Italy is pinning the blame on the John Paul Getty Museum in Los Angeles for a halt in the return of pillaged art treasures.
"The talks broke down because they suspended them. It was a unilateral decision," Culture Minister Francesco Rutelli said Thursday.
The Getty has halted the return of stolen artefacts in a fresh dispute over a magnificent bronze statue of an athlete.
The Getty's curator, Michael Brand, wrote to Rutelli two days ago to express his "deep regret" that 20 out of an earmarked batch of 46 works would be retained.
Rutelli, who will be in New York next week for related talks with the Metropolitan Museum (Met) on Italy's new drive to regain lost treasures, voiced "surprise and disappointment" at the Getty's move.
The artefacts which the Getty has decided to keep include a bronze statue of an athlete attributed to the Greek sculptor Lysippos, which the Californian museum acquired in 1977.
It was found off in the Adriatic, off the Marche port of Fano, in 1964. In an apparent about-turn on the question of the masterpiece's provenance, the Getty has now reverted to a previous claim that it was found in international waters and does not belong to Italy.
Italy does not dispute that the bronze was outside territorial waters when it was discovered, but stresses that it was taken out of Italy illegally.
The Lysippos bronze has proved the main sticking point in implementing a preliminary agreement reached last month.
"We regret the fact that this object stands in the way of an accord but our conscience is clear in keeping the work," Brand said in the letter to Rutelli.
In the case of another now-withheld masterpiece, a marble Venus found at the Ancient Greek colony of Morgantina new Enna, Sicily, Brand said the Getty would have been willing to return it - in joint ownership - if joint investigations established it had been plundered.
But that prospect has faded with the breakdown in negotiations.
It is not entirely clear whether the other 26 works on the original 46-long roster will be affected, or will come home as agreed.
"If they want to give Italy back these works which they already agreed to return, let them," Rutelli said.
Italy has already begun putting on show archaeological finds recently returned to Italy after years in the US.
Earlier this year, Italy signed what some hope will be a groundbreaking deal with the Met.

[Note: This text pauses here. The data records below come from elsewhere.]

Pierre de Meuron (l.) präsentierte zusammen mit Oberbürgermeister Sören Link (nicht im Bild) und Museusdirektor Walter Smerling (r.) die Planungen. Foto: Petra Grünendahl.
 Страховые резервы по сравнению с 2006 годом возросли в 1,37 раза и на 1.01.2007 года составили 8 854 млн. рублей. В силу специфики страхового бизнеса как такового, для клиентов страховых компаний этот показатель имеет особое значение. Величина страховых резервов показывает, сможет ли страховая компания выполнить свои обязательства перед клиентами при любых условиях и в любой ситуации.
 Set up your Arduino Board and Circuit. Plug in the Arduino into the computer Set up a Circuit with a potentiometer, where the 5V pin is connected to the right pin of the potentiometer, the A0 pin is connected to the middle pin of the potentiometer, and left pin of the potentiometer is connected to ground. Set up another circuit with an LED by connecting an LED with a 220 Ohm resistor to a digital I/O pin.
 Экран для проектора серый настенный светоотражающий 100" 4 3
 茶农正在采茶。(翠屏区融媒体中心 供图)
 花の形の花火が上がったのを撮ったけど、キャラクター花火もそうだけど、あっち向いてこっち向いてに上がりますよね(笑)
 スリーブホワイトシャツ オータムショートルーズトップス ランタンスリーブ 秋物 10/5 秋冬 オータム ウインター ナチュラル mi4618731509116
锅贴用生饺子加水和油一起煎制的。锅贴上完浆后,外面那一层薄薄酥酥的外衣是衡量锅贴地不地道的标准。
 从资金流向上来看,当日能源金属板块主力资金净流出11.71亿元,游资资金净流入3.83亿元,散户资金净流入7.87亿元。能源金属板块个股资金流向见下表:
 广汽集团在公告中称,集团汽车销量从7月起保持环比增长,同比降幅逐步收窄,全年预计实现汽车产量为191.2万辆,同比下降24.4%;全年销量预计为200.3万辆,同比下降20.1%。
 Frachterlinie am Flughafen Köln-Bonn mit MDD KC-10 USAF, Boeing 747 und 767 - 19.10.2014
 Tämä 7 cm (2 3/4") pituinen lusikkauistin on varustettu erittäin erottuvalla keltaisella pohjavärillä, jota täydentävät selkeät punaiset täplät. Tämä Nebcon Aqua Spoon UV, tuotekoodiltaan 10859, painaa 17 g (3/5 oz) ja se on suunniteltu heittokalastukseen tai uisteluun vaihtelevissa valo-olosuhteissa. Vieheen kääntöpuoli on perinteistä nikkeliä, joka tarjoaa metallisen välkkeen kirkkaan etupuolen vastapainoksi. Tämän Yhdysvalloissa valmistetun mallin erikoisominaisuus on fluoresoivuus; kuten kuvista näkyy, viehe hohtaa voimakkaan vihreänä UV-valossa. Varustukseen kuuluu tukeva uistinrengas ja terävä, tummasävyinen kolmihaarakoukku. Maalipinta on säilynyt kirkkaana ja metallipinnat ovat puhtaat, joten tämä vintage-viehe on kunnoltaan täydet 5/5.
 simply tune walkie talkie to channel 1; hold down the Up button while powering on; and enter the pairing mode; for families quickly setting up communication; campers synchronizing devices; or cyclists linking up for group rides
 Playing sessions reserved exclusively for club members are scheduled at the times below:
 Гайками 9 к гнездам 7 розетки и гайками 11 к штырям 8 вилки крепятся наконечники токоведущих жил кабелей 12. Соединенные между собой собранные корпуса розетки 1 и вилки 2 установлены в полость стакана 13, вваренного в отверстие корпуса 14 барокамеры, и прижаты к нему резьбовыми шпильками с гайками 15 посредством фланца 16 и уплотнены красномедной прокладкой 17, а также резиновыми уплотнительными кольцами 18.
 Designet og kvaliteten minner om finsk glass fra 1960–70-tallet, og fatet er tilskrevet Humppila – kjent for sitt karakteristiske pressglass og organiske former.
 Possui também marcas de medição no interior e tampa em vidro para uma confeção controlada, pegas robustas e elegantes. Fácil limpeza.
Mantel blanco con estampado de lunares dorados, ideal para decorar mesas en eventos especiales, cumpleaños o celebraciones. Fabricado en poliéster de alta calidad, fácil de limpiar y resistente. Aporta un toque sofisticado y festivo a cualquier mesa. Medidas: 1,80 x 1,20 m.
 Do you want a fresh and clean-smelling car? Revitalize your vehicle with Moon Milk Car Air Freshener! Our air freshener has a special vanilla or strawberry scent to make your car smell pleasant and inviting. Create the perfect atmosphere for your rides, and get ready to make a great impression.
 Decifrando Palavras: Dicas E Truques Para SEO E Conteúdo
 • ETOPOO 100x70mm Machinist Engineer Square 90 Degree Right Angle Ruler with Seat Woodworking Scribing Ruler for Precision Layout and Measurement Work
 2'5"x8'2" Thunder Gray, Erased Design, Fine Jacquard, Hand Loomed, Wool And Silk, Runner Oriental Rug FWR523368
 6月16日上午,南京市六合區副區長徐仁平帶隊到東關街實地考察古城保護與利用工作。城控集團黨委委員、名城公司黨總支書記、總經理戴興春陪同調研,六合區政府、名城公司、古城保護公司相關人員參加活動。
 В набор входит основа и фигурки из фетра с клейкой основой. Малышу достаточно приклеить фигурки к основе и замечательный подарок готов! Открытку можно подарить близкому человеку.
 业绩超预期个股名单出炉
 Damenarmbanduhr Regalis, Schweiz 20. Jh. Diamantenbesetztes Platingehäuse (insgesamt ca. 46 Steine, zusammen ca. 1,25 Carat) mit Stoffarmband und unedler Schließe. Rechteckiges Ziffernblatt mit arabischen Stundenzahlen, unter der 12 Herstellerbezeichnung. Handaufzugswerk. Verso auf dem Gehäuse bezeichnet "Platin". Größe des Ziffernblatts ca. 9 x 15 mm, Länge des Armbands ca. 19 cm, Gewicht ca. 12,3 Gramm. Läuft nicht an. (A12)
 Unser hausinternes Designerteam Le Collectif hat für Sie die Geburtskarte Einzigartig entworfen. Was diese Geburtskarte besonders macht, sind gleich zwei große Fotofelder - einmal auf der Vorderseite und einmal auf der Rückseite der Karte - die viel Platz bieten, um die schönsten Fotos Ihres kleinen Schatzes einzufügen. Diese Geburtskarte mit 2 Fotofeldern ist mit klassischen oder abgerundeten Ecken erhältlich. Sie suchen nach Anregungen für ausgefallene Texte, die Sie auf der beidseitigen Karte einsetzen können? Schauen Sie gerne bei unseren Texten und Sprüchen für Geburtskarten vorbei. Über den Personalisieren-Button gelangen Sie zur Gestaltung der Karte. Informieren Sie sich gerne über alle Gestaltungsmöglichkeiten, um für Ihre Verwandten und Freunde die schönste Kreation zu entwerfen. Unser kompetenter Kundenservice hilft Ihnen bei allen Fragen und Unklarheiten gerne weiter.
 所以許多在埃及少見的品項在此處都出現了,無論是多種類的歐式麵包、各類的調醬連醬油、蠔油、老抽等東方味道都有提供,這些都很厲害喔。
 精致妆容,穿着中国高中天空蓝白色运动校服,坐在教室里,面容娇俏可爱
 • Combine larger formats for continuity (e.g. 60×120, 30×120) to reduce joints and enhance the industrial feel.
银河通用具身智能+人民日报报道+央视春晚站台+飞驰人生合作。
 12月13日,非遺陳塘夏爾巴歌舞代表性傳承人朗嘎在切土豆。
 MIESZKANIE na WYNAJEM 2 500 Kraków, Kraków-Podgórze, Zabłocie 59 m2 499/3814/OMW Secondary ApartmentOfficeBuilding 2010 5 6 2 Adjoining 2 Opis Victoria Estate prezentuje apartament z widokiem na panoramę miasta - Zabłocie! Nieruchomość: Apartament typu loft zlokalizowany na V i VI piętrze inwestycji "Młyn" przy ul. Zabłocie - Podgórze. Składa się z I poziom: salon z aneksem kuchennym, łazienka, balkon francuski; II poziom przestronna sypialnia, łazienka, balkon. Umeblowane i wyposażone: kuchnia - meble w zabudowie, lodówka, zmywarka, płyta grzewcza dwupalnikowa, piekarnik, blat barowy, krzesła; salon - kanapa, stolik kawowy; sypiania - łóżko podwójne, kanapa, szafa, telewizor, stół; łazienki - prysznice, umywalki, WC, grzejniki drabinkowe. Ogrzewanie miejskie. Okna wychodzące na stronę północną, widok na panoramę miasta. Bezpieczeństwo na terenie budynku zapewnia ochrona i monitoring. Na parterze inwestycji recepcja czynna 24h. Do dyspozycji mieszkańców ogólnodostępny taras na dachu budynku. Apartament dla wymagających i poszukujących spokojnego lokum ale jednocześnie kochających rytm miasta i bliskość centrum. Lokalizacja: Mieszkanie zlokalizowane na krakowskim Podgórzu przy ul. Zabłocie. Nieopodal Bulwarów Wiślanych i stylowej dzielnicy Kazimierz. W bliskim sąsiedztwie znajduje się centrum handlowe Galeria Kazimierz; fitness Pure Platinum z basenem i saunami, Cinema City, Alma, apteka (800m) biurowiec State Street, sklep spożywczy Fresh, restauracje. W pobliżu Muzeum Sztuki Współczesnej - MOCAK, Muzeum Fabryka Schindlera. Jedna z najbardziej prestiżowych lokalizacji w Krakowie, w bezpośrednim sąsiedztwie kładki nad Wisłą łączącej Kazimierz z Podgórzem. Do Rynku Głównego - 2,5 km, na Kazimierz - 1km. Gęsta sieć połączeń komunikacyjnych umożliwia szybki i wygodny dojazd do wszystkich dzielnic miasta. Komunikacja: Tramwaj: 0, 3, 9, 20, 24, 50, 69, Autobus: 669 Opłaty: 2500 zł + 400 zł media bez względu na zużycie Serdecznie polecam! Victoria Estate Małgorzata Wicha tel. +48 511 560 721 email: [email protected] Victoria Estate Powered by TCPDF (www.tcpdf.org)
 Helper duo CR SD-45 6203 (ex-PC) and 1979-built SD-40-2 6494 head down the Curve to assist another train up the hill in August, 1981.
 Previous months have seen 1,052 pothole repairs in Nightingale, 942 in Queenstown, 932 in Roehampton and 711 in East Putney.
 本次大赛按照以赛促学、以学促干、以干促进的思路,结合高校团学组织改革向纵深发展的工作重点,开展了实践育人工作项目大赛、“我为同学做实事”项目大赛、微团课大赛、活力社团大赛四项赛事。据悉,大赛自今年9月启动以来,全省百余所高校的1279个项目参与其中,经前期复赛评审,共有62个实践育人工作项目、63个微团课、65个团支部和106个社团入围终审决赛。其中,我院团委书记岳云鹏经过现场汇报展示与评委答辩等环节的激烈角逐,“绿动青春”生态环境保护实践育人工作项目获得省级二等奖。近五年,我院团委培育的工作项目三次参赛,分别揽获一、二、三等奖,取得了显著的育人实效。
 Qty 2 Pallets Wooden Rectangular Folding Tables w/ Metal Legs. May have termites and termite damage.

This envisages the return of artefacts in exchange for loans of equivalent value.
As well as the Met and the Getty, two other US museums with huge antiquities collections have come under the scrutiny of Italian investigators: Boston's Museum of Fine Arts and the Cleveland Museum of Art.
The Boston Museum has inked a similar deal to the Met's.
In November the Getty, reputedly the world's richest museum, returned three of 52 allegedly stolen Italian treasures it had acquired.
A former curator of the John Paul Getty Museum, Marion True, is on trial in Rome for allegedly acquiring stolen artefacts. It is the first such trial of an American museum curator.
Some of the works which the Getty was due to return were set to be exhibited as evidence in court.
The February 21 agreement with the Met ended a 25-year wrangle over disputed antiquities.
The objects included one of the Met's gems, a sixth-century BC painted vase called the Euphronios Krater.
It is widely regarded as one of the finest examples of its kind.
Italian art police presented the Met with strong evidence that the red and black terracotta vase, or calyx, was stolen from the Etruscan burial site of Cerveteri near Rome in the early '70s.
The agreement also covered four ancient vases from Apulia (present-day Puglia) and a large collection of silverware stolen from Morgantina.
The vases will come home shortly, the Krater by January 15 2008, and the silverware by January 15 2010.
In the meantime, in exchange for getting the long-sought pieces back, the Italian government will loan works of equivalent beauty and importance to the Met.
Met Director Philippe de Montebello has said he already has a "wish list" of loans.
In his talks with Rutelli on November 29, de Montebello is expected to go over some of the fine print of the February accord.
The Met deal and the True trial have signalled that Italy is getting serious about recovering lost artefacts.
By setting a precedent that could be used by other countries - notably Greece - Italy has sent alarm bells around the art world.
Rutelli reiterated on Thursday that "it is our government's duty to make it clear that all the world's museums which exhibit ransacked Italian works must return them". A 1970 UNESCO convention, which both Italy and the US have signed, bans the import, export and transfer of ownership of cultural property.